Fractures with more than two fragments, those displaced more than 1 cm or associated with shoulder dislocation would most likely require an operation to assess the damage further. A fracture that is only displaced a little may be treated conservatively, i.e. without surgery. Impacted fractures heal quickly and are supported in a broad arm sling. Displaced fractures are best treated with a collar and cuff which will allow gravity to correct any misalignment/angulation.

Anatomical or Surgical humerus neck fracture

This type of fracture occurs in different parts of the humerus neck, typically classified into two main types:

  1. Anatomical Neck Fracture: This occurs just below the head of the humerus. It is less common but can be more serious because it may affect the blood supply to the head of the humerus, leading to complications such as avascular necrosis (death of bone tissue due to a lack of blood supply).
  2. Surgical Neck Fracture: This occurs just below the anatomical neck, at a narrower part of the bone. It is more common, especially in elderly patients with osteoporosis, and often results from a fall on an outstretched hand or direct trauma to the shoulder.

Symptoms

  • Pain: Severe pain in the shoulder and upper arm, especially when moving the arm.
  • Swelling and Bruising: Around the shoulder and upper arm.
  • Deformity: The shoulder may appear deformed or out of place.
  • Limited Mobility: Difficulty or inability to move the shoulder and arm.
  • Numbness or Tingling: Possible if nerves are affected.

Diagnosis

  • Physical Examination: To assess pain, swelling, and range of motion.
  • Imaging Studies: X-rays are commonly used to visualize the fracture. In some cases, a CT scan or MRI might be necessary for a detailed view, especially if the fracture is complex or involves joint surfaces.

Treatment

  1. Non-surgical Treatment:
    • Immobilization: Using a sling or shoulder immobilizer to keep the arm still and allow the bone to heal.
    • Pain Management: Medications to control pain.
    • Physical Therapy: Once the bone begins to heal, physical therapy helps restore range of motion, strength, and function.
  2. Surgical Treatment:
    • Open Reduction and Internal Fixation (ORIF): Surgical procedure to realign the bone fragments and secure them with plates, screws, or rods.
    • Hemiarthroplasty or Shoulder Replacement: In severe cases where the bone is shattered or the blood supply is compromised, partial or total shoulder replacement may be necessary.

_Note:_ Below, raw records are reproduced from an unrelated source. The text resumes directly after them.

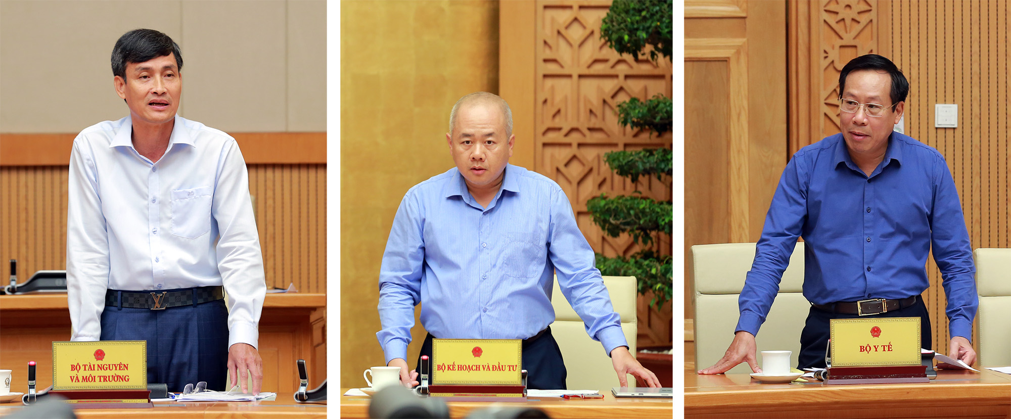 | Lãnh đạo các bộ TN&MT, KH&ĐT, Y tế (từ trái qua phải) phát biểu tại cuộc họp - Ảnh: VGP/Minh Khôi |
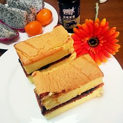3. Take out of the oven and turn it upside down.After cooling, apply blueberry sauce and cut into pieces
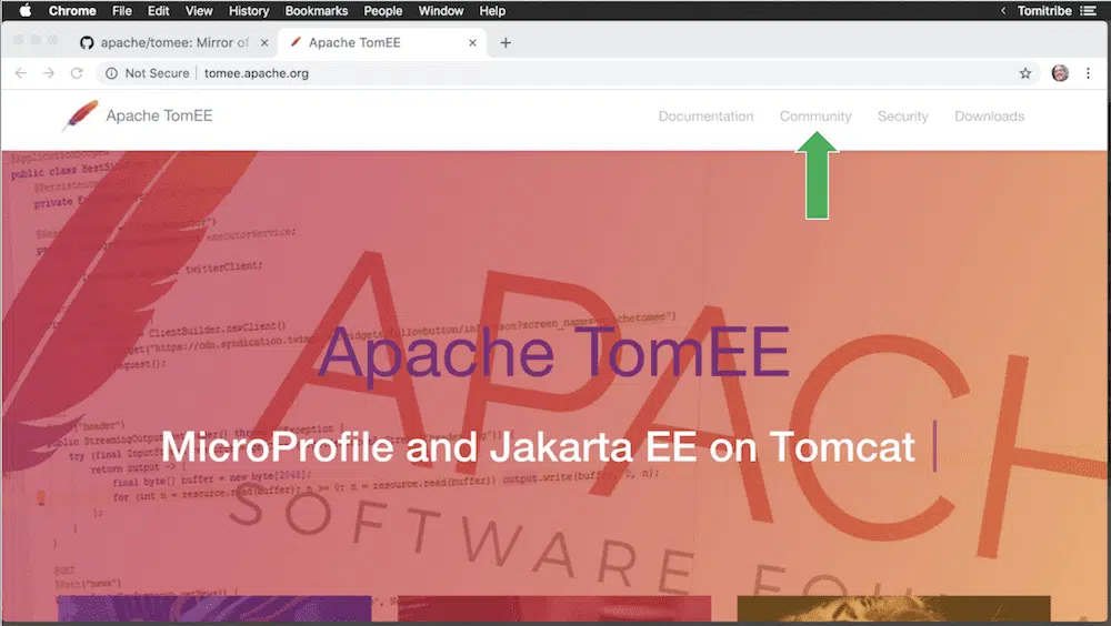 We’ve already written a tutorial on how to join the mailing lists so rather than repeat that here I’m going to show you how to find the TomEE Community page and open the “Contribution tips” where detailed instructions on joining the mailing list and introducing yourself, as well as some helpful advice, can be found.
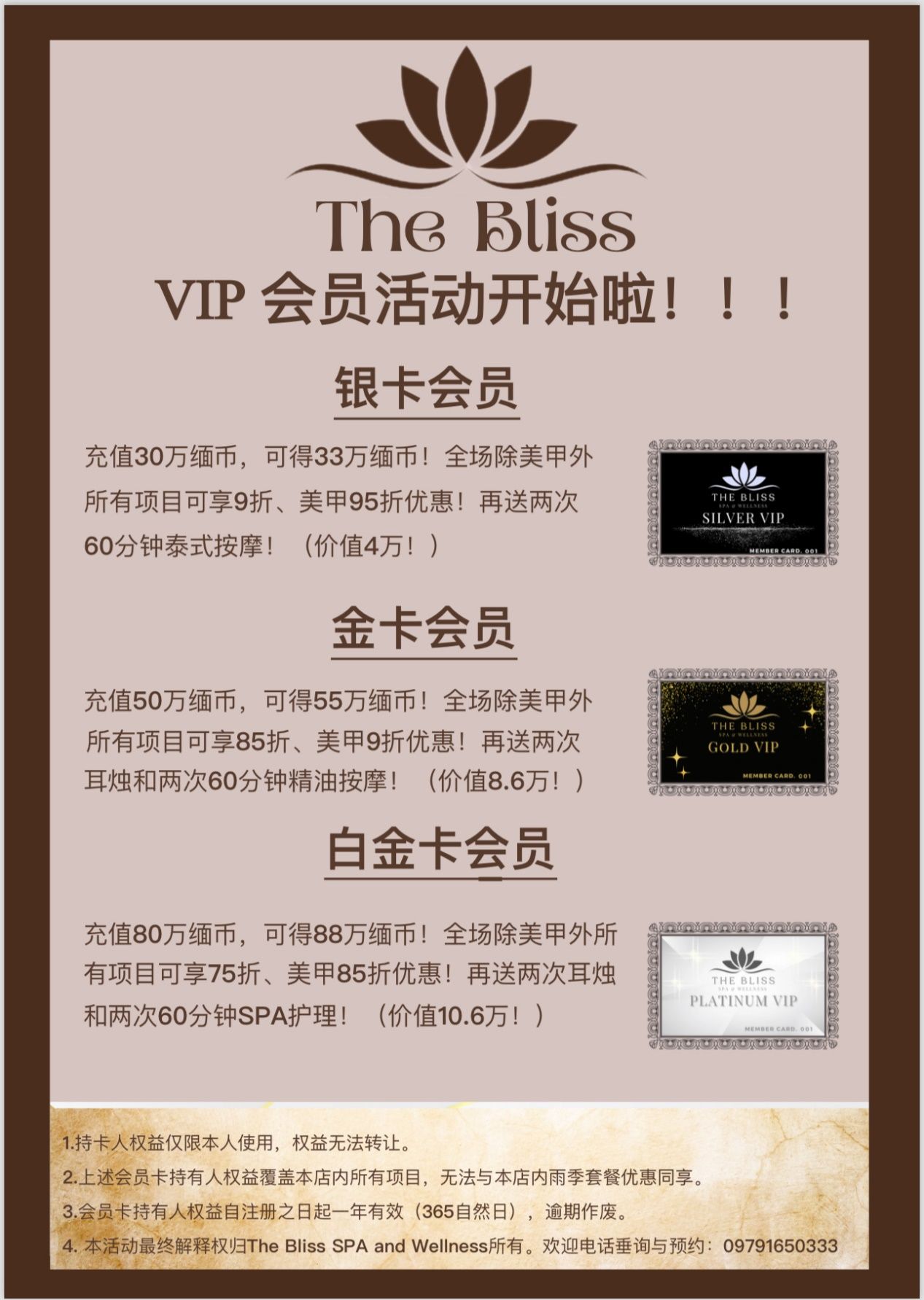 银卡会员:一次性充值30万缅币,即送3万,到账33万。可享全店所有项目(套餐除外)按摩9折优惠,美甲95折优惠!送两次60分钟泰式按摩!(价值4万)
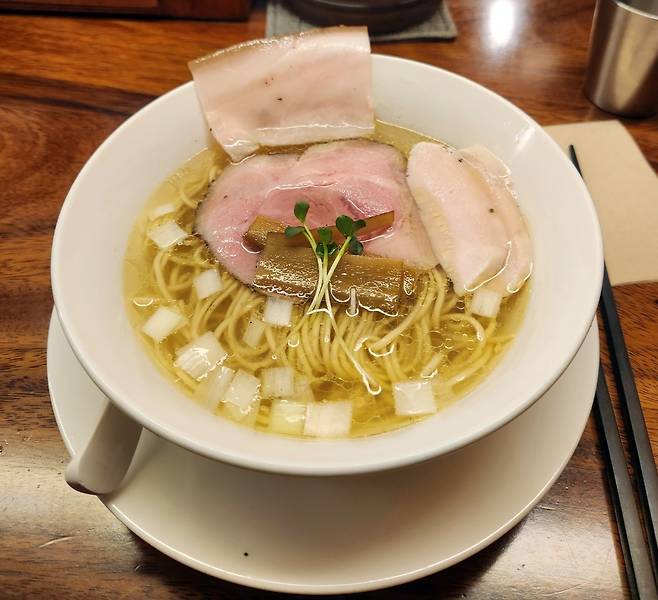 시오라멘이 나왔다. 기름이 살짝 뜬 투명하고 맑은 국물에 면 사리가 얌전히 담겼다. 고명은 돼지고기 차슈와 닭가슴살, 그리고 죽순 두 조각. 계란을 별도로 주문할까 하다가 일단 참았다. 기본 메뉴 본연의 맛이 우선이다.
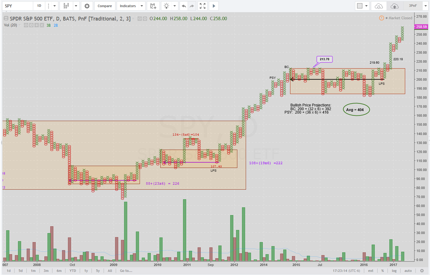 Time to update the SPY projection of $404 (average of 392 and 416) made back in Nov 2017 (chart above). Changing the box size from $2 to $3 (to account for the higher price level) and assuming we retrace back to about $267 the new re-accumulation count gives a bullish projection to $447. $3-box by 3-box-reversal Point & Figure:
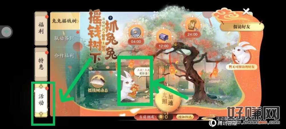路径:天涯明月刀手游-福利-活动-兔兔摇钱树-点兔兔(步骤看图)
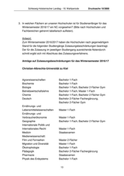 Schleswig-Holsteinischer Landtag - 18. Wahlperiode Drucksache 18/3888 3. In welchen Fächern an unseren Hochschulen ist für Studienanfänger für das Wintersemester 2016/17 ein NC vorgesehen? (Bitte nach Hochschulen und Fachbereichen getrennt tabellarisch auflisten). Antwort: Zum Wintersemester 2016/2017 haben die Hochschulen nach gegenwärtigem Stand für die folgenden Studiengänge Zulassungsbeschränkungen beantragt. Der für die Zulassung im jeweiligen Studiengang ausreichende Notendurch- schnitt ergibt sich mit Abschluss des Zulassungsverfahrens. Anträge auf Zulassungsbeschränkungen für das Wintersemester 2016/17 Christian-Albrechts-Universität zu Kiel Agrarwissenschaften Bachelor 1-Fach Biochemie Bachelor 1-Fach Biologie Bachelor 1-Fach, Bachelor 2-Fächer Gym Betriebswirtschaftslehre Bachelor 1-Fach, Master 1-Fach Chemie Bachelor 1-Fach, Bachelor 2-Fächer Gym Deutsch Bachelor 2-Fächer Fachergänzung, Bachelor 2-Fächer Gym Ernährungs- und Lebensmittelwissenschaften Master 1-Fach Ernährungs- und Verbraucherökonomie Master 1-Fach Geographie Bachelor 1-Fach, Bachelor 2-Fächer Gym Internationale Politik und Internationales Recht Master 1-Fach Medizin Staatsexamen Medienwissenschaft: Film und Fernsehen Master 2-Fächer Migration und Diversität Master 1-Fach Ökotrophologie Bachelor 1-Fach Pädagogik Bachelor 2-Fächer Fachergänzung Pharmazie Staatsexamen Physik des Erdsystems Bachelor 1-Fach 13
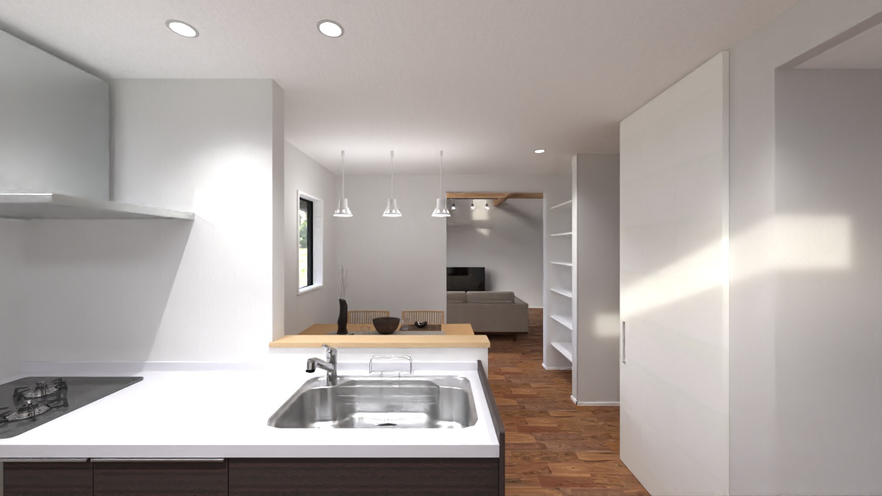 ダイニングキッチンはリビングの空間と緩やかに仕切り、落ち着いて食事ができる空間にしています。子供さんのランドセルや勉強の道具などの収納をダイニング周辺に設け、家事をしながら勉強を見てあげられる配置になっています。
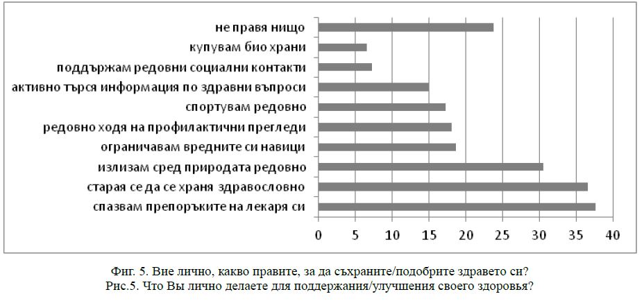 Ясно е, че държавата е далеч от това да обезпечи качествено и достъпно здравеопазване, но следва да се види и какво е активното поведение на отделния човек, насочено към съхранение/подобрение на собственото здравословно състояние (фиг. 5).
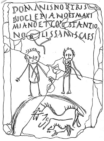12729 Ziegel mit Ritzzeichnung und -inschrift
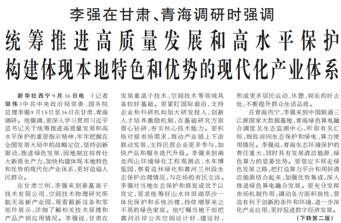 中共中央政治局常委、国务院总理李强9月15日至16日在甘肃、青海调研。他强调,要深入学习贯彻习近平总书记关于统筹推进高质量发展和高水平保护的重要指示精神,牢牢把握在全国发展大局中的战略定位,坚持创新驱动,推进绿色发展,因地制宜培育壮大新质生产力,加快构建体现本地特色和优势的现代化产业体系,更好造福人民群众。(今日《人民日报》1版、2版)
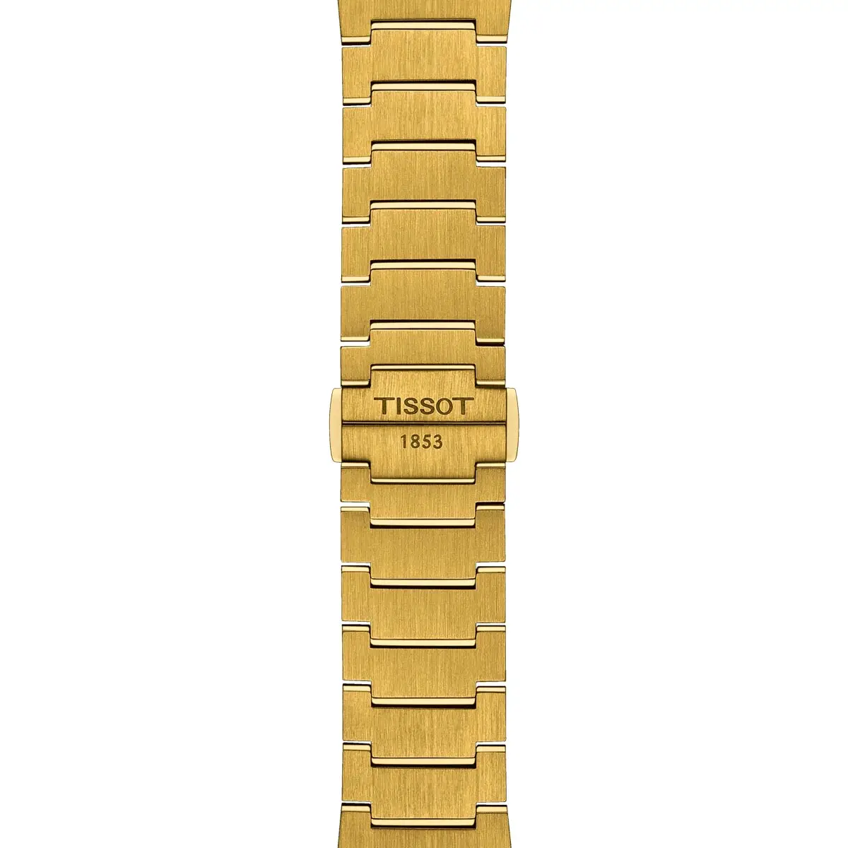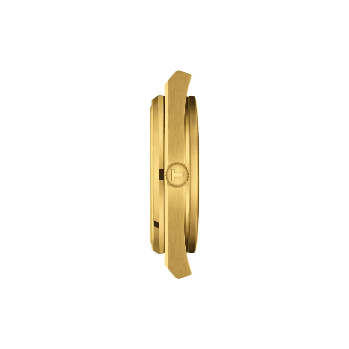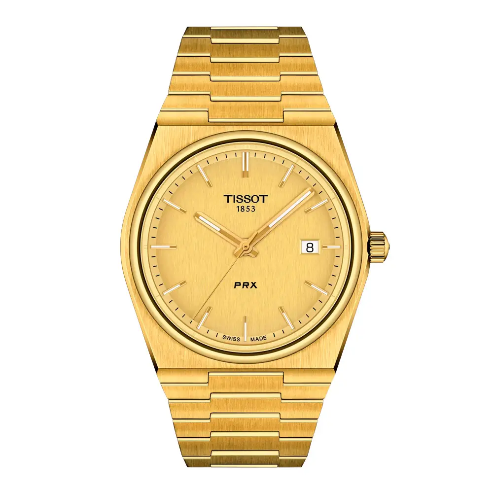Die Tissot PRX Quartz 40mm im luxuriösen Golddesign vereint zeitlose Eleganz mit moderner Funktionalität. Die Uhr verfügt über ein 40 mm rundes Edelstahlgehäuse mit gelbgoldener PVD-Beschichtung, das durch ein äußerst widerstandsfähiges Saphirglas geschützt ist und hervorragenden Kratzschutz bietet.
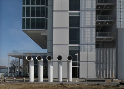 В Турине (Италия) находится башня, спроектированная бюро Renzo Piano Building Workshop. Сооружение высотой 166 м – это новый офис одной крупной компании. Концепция отличается сочетанием минималистских веяний с нотками индустриального стиля. Несмотря на масштаб, здание выглядит легко и динамично благодаря стеклу и алюминию, которыми облицованы фасады.
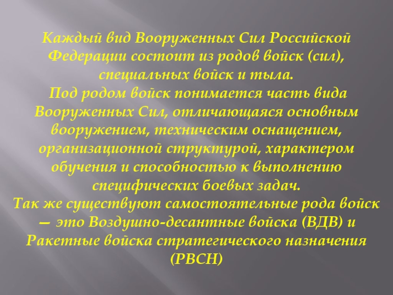 Слайд 3Каждый вид Вооруженных Сил Российской Федерации состоит из родов войск
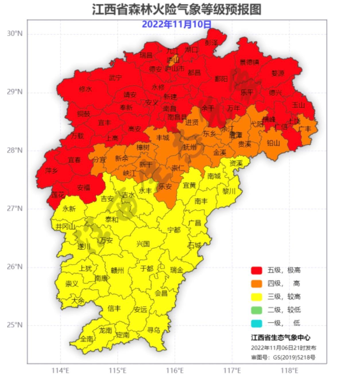 这次降水过程后,赣中、赣南地区已有44个县(市、区)的森林火险气象等级已降至较低或低风险,但赣北、赣西大部分地区高森林火险气象等级仍然维持。由于降水影响,全省大部分城市空气质量指数总体上呈显著下降趋势,大气污染雨洗效果明显。据气候预测,11月江西维持暖干气候趋势,气象干旱仍将持续,森林防火和抗旱救灾形势依然严峻。
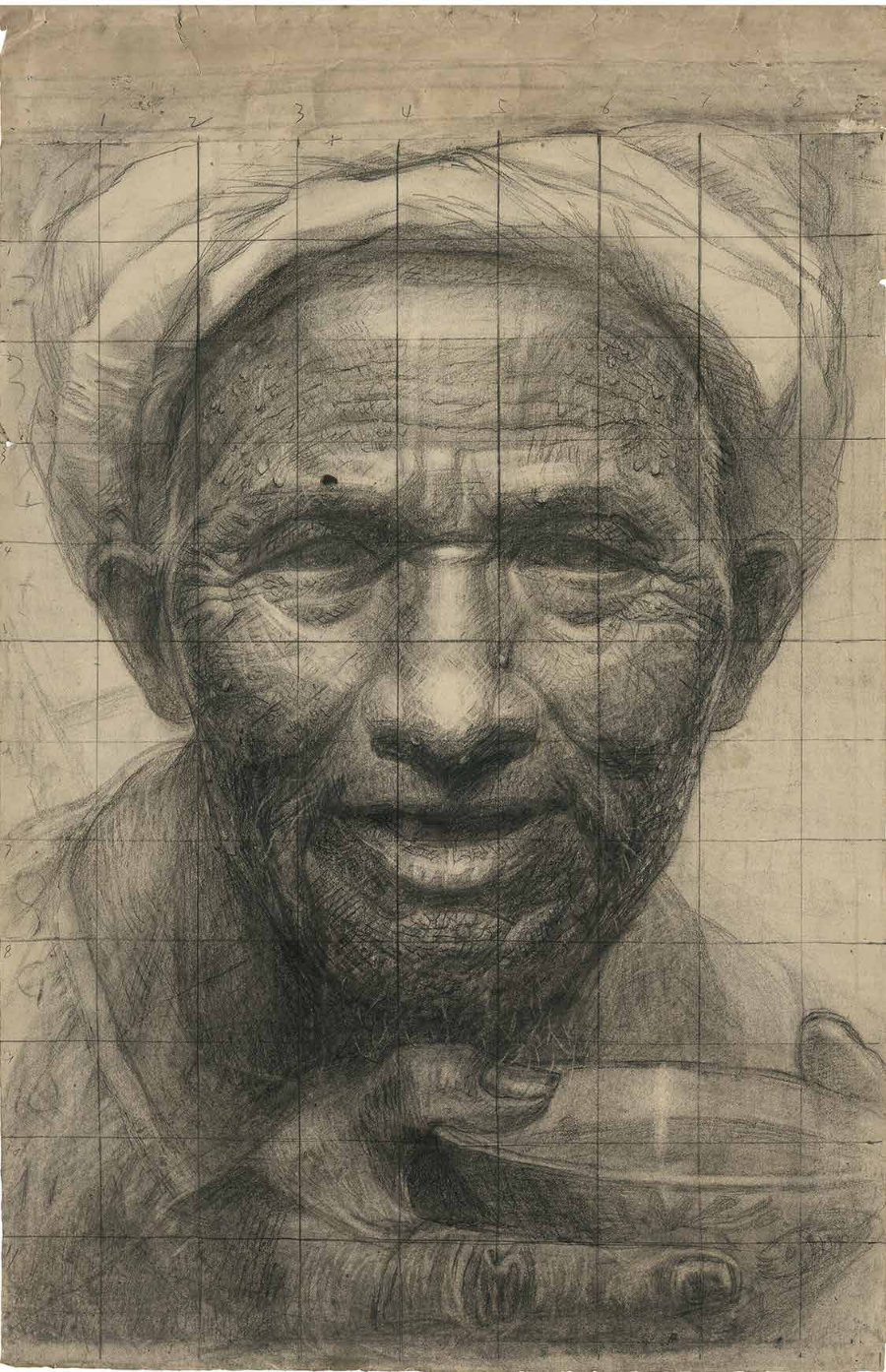A draft by Luo Zhongli for his iconic oil painting Father. [Photo provided to China Daily] |
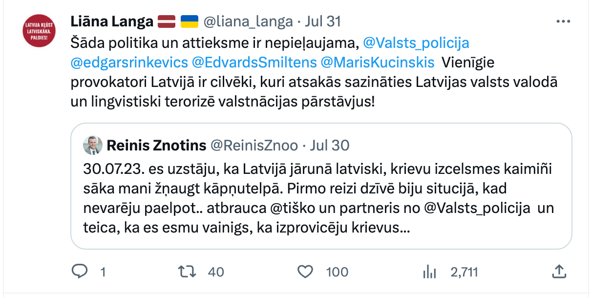 Kā iedzērušais eksdeputāts to pierādīja ar savu 30. jūlija vakara tvītu, Liānai Langai nav taisnība.
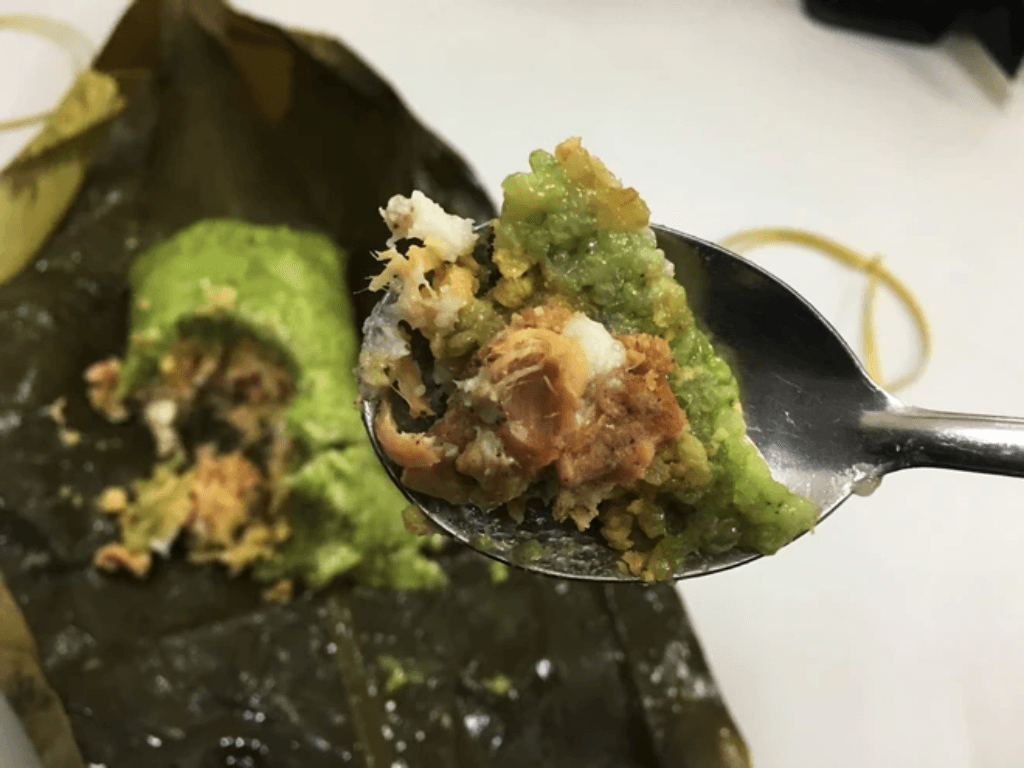 Khi bóc ra, lá dong tỏa mùi thơm tự nhiên, gạo nếp dẻo dai mà không dính, phần đậu xanh bùi mịn, thịt béo ngậy vừa phải, tạo vị hài hòa đậm chất núi rừng.
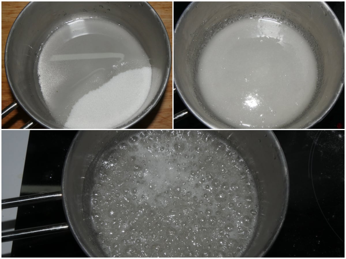 Preparate lo sciroppo portando a piena ebollizione acqua e zucchero in un pentolino e facendolo bollire per 5 minuti.
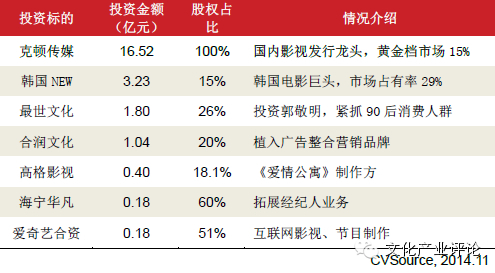 互联网及其它资本的进入将使影视行业形成更高效链条,各个环节协同发力,未来会有更多的创新模式,共同做大文化传媒产业蛋糕。互联网龙头企业也开始进入到文虎传媒领域中来,根据投中集团旗下金融数据产品CVSource统计,截止2014年10月,互联网龙头企业阿里巴巴共发起56起并购,已完成36起,其中文化传媒产业13起,已完成8起,进行中4起,失败1起。

Treatment depends on the type and severity of the fracture, as well as the patient’s age, health, and activity level. For the first two weeks, the arm is kept in a sling underneath clothes for additional protection. After two weeks pendular exercises of the shoulder joint may begin. From four weeks a collar and cuff can be worn outside clothes and then gradually removed in stages over the next two weeks as the arm progresses.

Recovery

  • Healing Time: Typically ranges from several weeks to a few months, depending on the severity of the fracture and the patient’s overall health.
  • Rehabilitation: Critical for regaining strength and mobility. May involve exercises to improve flexibility, strength, and coordination.
  • Follow-up: Regular check-ups with the healthcare provider to monitor healing and progress.

Complications

  • Avascular Necrosis: Risk if the blood supply to the humeral head is disrupted.
  • Nerve or Blood Vessel Damage: Possible during the injury or surgical treatment.
  • Stiffness and Reduced Range of Motion: Common but can often be improved with physical therapy.
  • Malunion or Nonunion: Improper healing of the bone, which may require additional treatment or surgery.

Prevention

  • Bone Health: Maintaining good bone density through diet, supplements, and weight-bearing exercises to prevent osteoporosis.
  • Fall Prevention: Especially in the elderly, to reduce the risk of fractures.

For specific medical advice, diagnosis, or treatment, consulting with a healthcare professional is essential.